■ **Your task**
When a picture appears in the listing, leave it out and copy the rest exactly as it stands.
::: Data extract
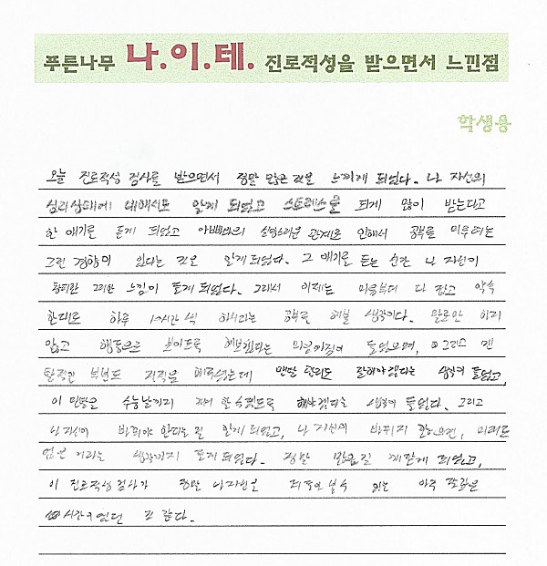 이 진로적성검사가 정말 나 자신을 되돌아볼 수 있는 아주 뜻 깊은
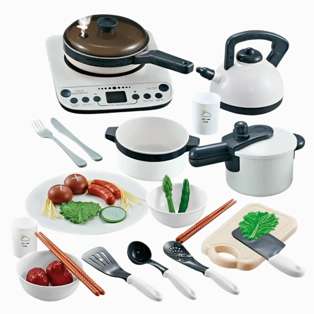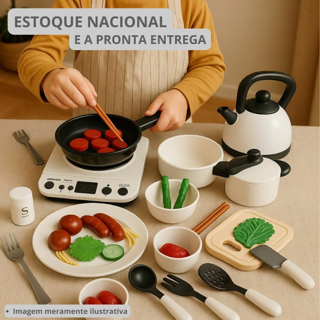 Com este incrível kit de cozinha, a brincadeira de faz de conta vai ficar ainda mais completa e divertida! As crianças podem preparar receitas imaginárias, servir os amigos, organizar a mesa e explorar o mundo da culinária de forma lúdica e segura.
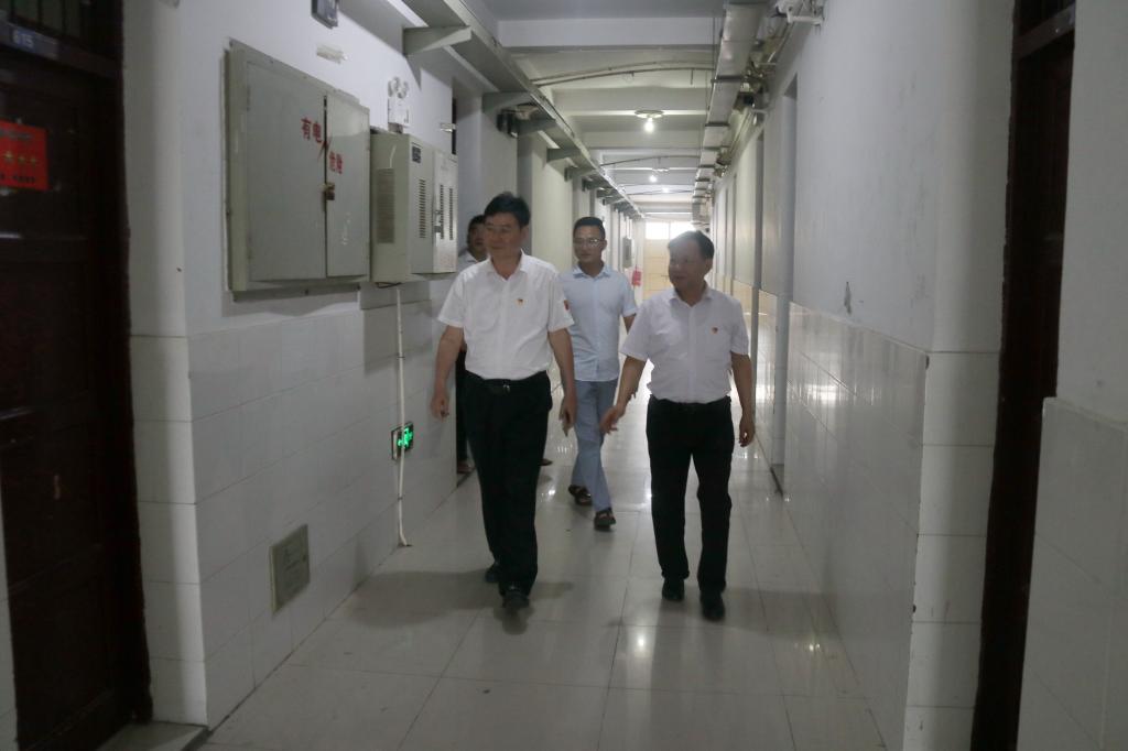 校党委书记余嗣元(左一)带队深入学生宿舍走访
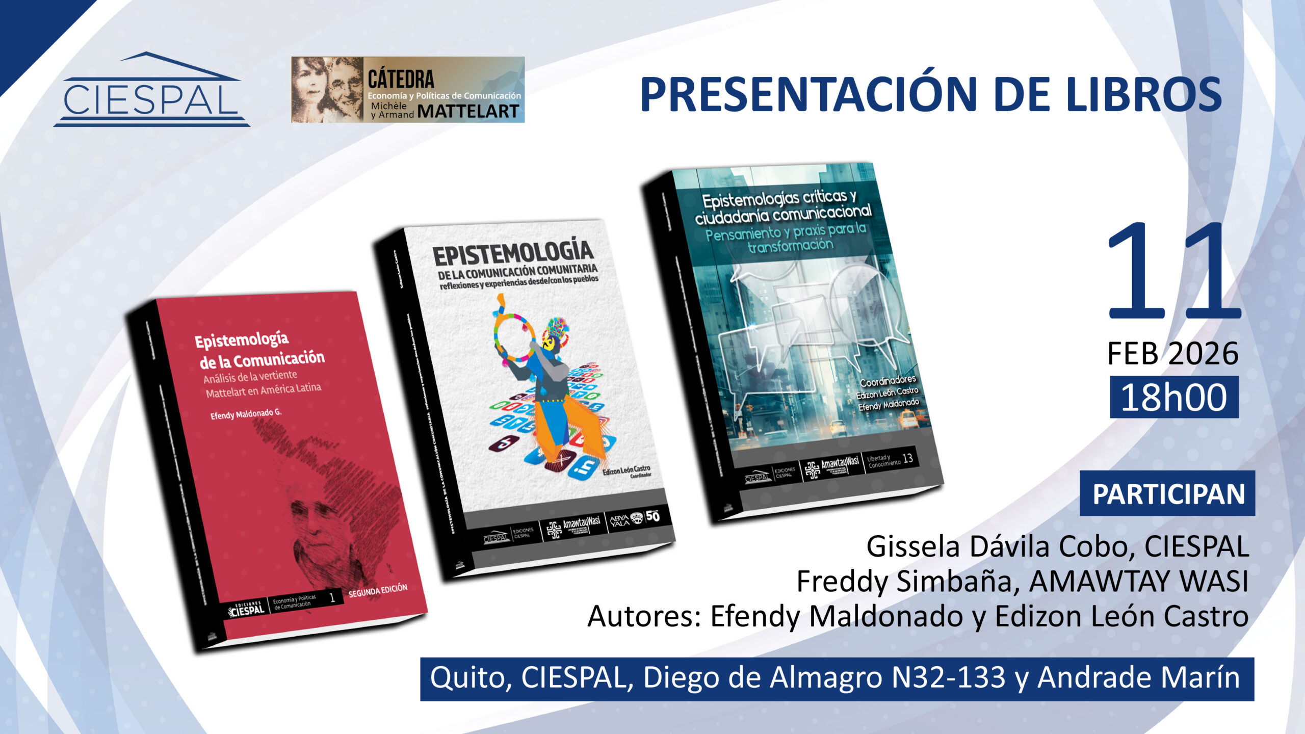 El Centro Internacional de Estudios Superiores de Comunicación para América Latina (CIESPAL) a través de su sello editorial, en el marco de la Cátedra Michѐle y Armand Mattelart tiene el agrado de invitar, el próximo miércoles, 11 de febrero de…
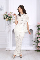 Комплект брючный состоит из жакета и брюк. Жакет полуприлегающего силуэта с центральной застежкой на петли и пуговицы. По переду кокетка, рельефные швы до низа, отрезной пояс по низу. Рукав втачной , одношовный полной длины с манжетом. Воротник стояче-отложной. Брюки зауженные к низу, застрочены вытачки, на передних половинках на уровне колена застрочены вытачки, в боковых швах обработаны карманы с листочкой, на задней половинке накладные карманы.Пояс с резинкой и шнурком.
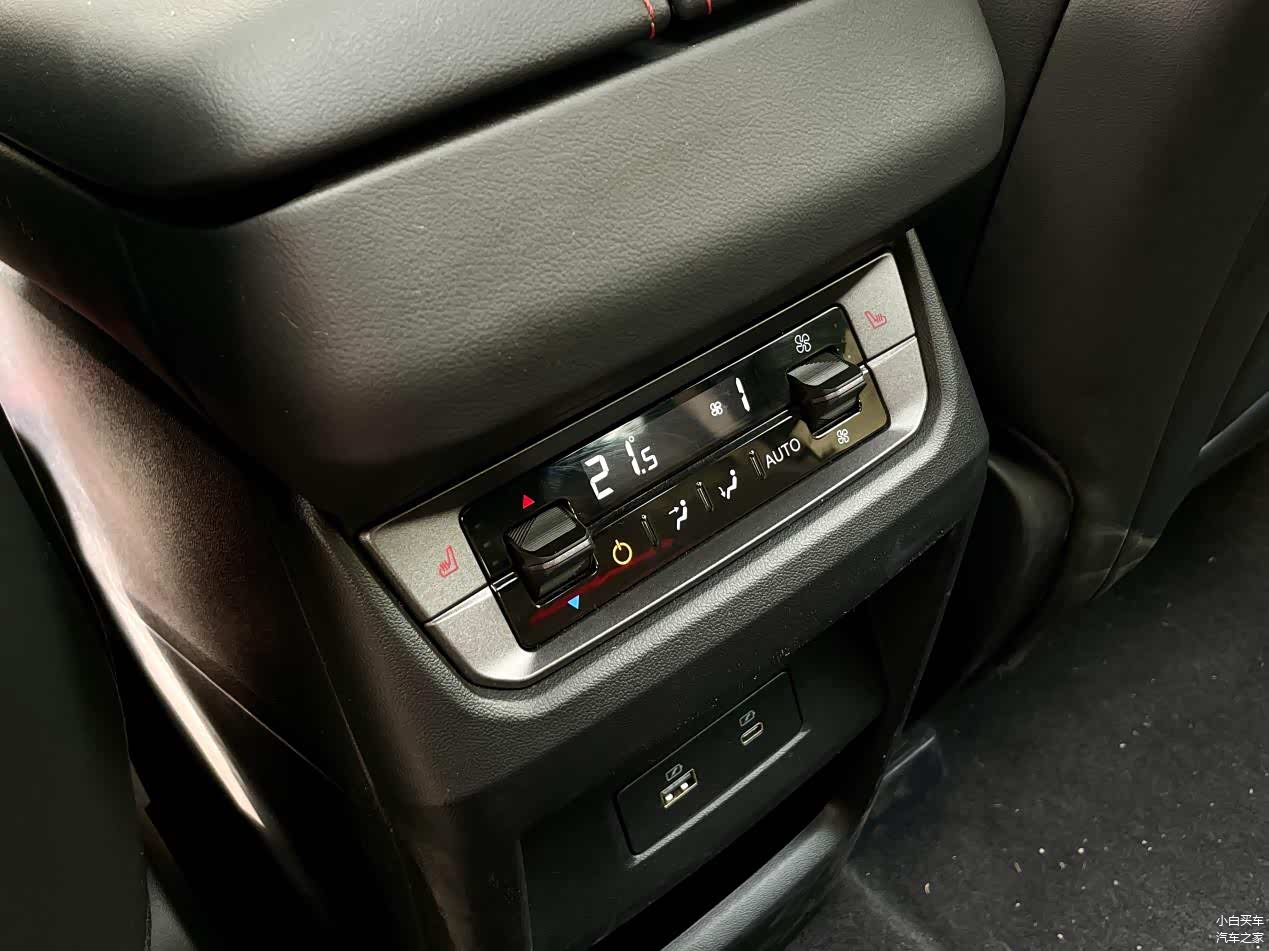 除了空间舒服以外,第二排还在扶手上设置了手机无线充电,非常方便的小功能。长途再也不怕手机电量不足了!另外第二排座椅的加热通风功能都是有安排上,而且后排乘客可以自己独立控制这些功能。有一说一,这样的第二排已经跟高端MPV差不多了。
::::::
■ **Answer space**
 이 진로적성검사가 정말 나 자신을 되돌아볼 수 있는 아주 뜻 깊은
 Com este incrível kit de cozinha, a brincadeira de faz de conta vai ficar ainda mais completa e divertida! As crianças podem preparar receitas imaginárias, servir os amigos, organizar a mesa e explorar o mundo da culinária de forma lúdica e segura.
 校党委书记余嗣元(左一)带队深入学生宿舍走访
 El Centro Internacional de Estudios Superiores de Comunicación para América Latina (CIESPAL) a través de su sello editorial, en el marco de la Cátedra Michѐle y Armand Mattelart tiene el agrado de invitar, el próximo miércoles, 11 de febrero de…
 Комплект брючный состоит из жакета и брюк. Жакет полуприлегающего силуэта с центральной застежкой на петли и пуговицы. По переду кокетка, рельефные швы до низа, отрезной пояс по низу. Рукав втачной , одношовный полной длины с манжетом. Воротник стояче-отложной. Брюки зауженные к низу, застрочены вытачки, на передних половинках на уровне колена застрочены вытачки, в боковых швах обработаны карманы с листочкой, на задней половинке накладные карманы.Пояс с резинкой и шнурком.
 除了空间舒服以外,第二排还在扶手上设置了手机无线充电,非常方便的小功能。长途再也不怕手机电量不足了!另外第二排座椅的加热通风功能都是有安排上,而且后排乘客可以自己独立控制这些功能。有一说一,这样的第二排已经跟高端MPV差不多了。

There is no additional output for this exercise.